Growing up, there were eighteen cousins on my dad’s side of the family. Most gatherings involved homemade ice cream, LOTS of kids and occasionally farm animals in the kitchen of my Aunt Suzie’s house. (I know, it’s not normal. And, in case you are wondering, the cow’s name was Feather and the one-winged hawk was Lefty.)
After dinner, the adults always played Trivial Pursuit (it was the eighties, after all) and the kids were all sent outside to give the adults a break from, well, the kids. We usually ended up playing hide and seek. I was among the youngest of the “big kids” and I HATED this game. We played the kind where you have a base and everyone has to hide and then run to the base to be “safe” unless you get tagged, in which case you are “it”. I would rather be “it” than hide. Hiding involved the terrifying feeling someone was after you, the horrible feeling of being chased by a merciless older cousin who would tackle you to the ground if need be, and the humiliation of being tagged and mocked for being a bad hider, slow and therefore stupid.
It was a rough crowd of cousins. When not playing hide and seek, we usually played some sort of game where you pelt each other with objects. I think we may have invented cage-match style fighting too. Tattle-tales were despised and interrupting the adults with crying always got everyone in trouble, so cry-babies were shushed and threatened with violence or bribed somehow with power. (Why does my childhood suddenly sound like a prison experience? Hmmm…)
God has been reminding me of hiding lately. I find, as I have had more children and picked up more responsibilities in life that “I” get in the way a lot. The mature life has far less room for what I feel, what I think, what I need and what I want. There are too many things to do, places to go, people to help for my life to revolve around myself. But I am learning, too, that there is one place all of those self-centered parts of life can hide, their needs can be met, and my soul can grow. When I choose to be alone with God, to pray, to read, to pour out my heart and hide myself away in Him I find the thirsting quenched and the longings fulfilled.
Sure, I could buy, beg or steal what I need to feel better about my life. I could point to this area of stress, or that area of frustration and declare that once they are resolved I will be happy and able to grow past my weakness. There are lots of books I could read that would help me organize my time, fix my relationships, give me money-making secrets. All of those things would probably improve my life, and definitely make me fell a little better. But then my life would still be all about ME, which, at the end of it all I do not want!
What I want is to know God. Somehow, if all I am trying to do is improve MY life, I know I will miss out on what I really want. No child ever lauded his mother for being amazing only because she had the most amazing collection of antiques he ever saw. A pretty house does not make a home. No husband ever bragged to his friends that his wife had read every cookbook ever written. Gourmet cuisine without a soft heart will not win a man’s affection. No society ever declared one of its members as its greatest simply for finding a way to be happy and have a nice life. Your happiness cannot change a nation.

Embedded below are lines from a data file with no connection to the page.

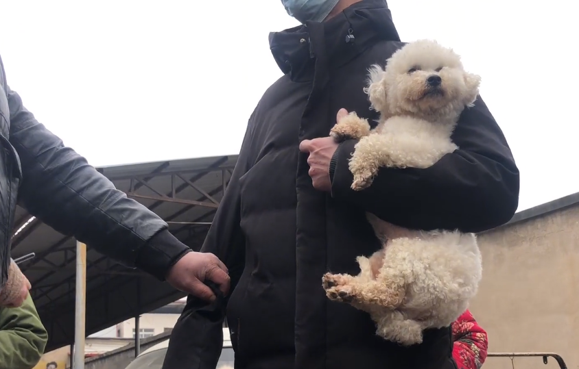 小伙手里的比熊犬似乎也没有见到原主人的欣喜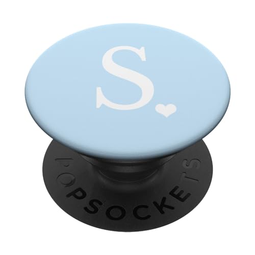 PopSockets White Initial Letter S Heart Monogram On Pastel Light Blue PopSockets PopGrip: Swappable Grip for Phones & Tablets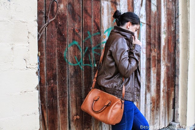 Wear brown leather biker jacket with pink stripes, basic jeans and my new boots in brown. As supplements entrenzado necklace, belt and brown tote bag.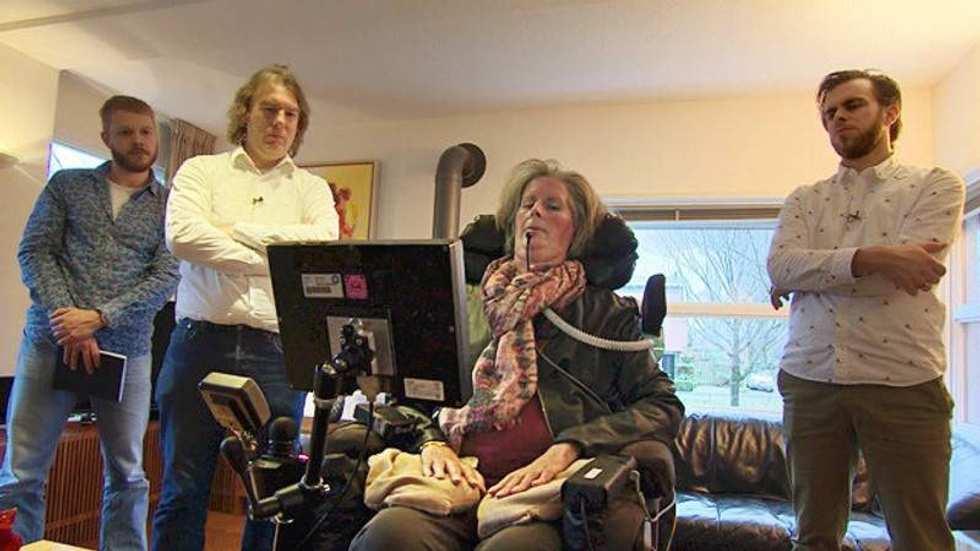 Dr. Nick Ramsey, also of the Netherlands and lead researcher on the brain-implant study, says, "It's a completely harrowing situation ... as people are still cognizant." The brain implant provides Bruijne substantial improvement in her ability to communicate.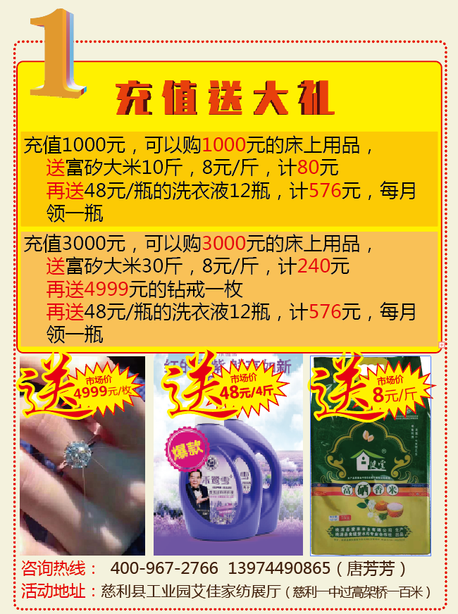 震惊了!快去艾佳家纺展厅领4999元的钻戒、富矽大米、洗衣液,充值即得!假一赔万!购买床上用品,艾佳买单,买多少免多少,只需要充值所买商品的四倍就可以了!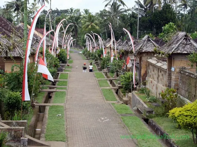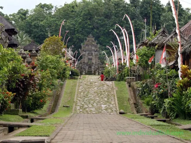 In keeping with tradition, the main road is paved with local mountain stone and provides a unique entry point to the village. The houses within the village precinct are divided into areas (east and west), and all are traditionally constructed with mud walls and bamboo roofing. The front of the house has a gate (angkul-angkul) which functions as a place of worship on holy days, and offerings will be placed here.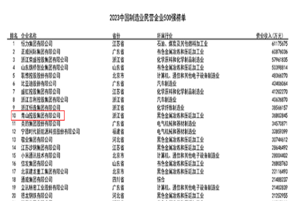 9月12日,全國(guó)工商聯(lián)發(fā)布2023中國(guó)民營(yíng)企業(yè)500強(qiáng)榜單,青山實(shí)業(yè)位列中國(guó)民營(yíng)企業(yè)500強(qiáng)第14位,中國(guó)制造業(yè)民營(yíng)企業(yè)500強(qiáng)第10位。

Hiding our souls away in time with God is a part of mature, grown-up life. God has been saying the same words to me lately, and they are right there in black and white in Isaiah 4 and Psalm 32:
It [God’s glory] will be a shelter and shade from the heat of the day, and a refuge and hiding place from the storm and rain.
You are my hiding place; you will protect me from trouble and surround me with songs of deliverance.
His glory is a place to hide, a warm guiding light when life is too cold or too hot. I am protected there. Knowing God as a hiding place is scary, just like hiding in the woods outside Aunt Suzie’s house was scary.
But it is safe, because He promises to be a refuge for us.
And, that makes me think of these words:
I have been crucified with Christ and I no longer live, but Christ lives in me. The life I now live in the body, I live by faith in the Son of God, who loved me and gave himself for me. -Galatians 2:20
I know that if I have hidden in Him I will stand firmly before Him one day, knowing I didn’t live my life well- He lived His life in me for His own glory.
So, what is a girl to do, but hide… and let Him handle the rest.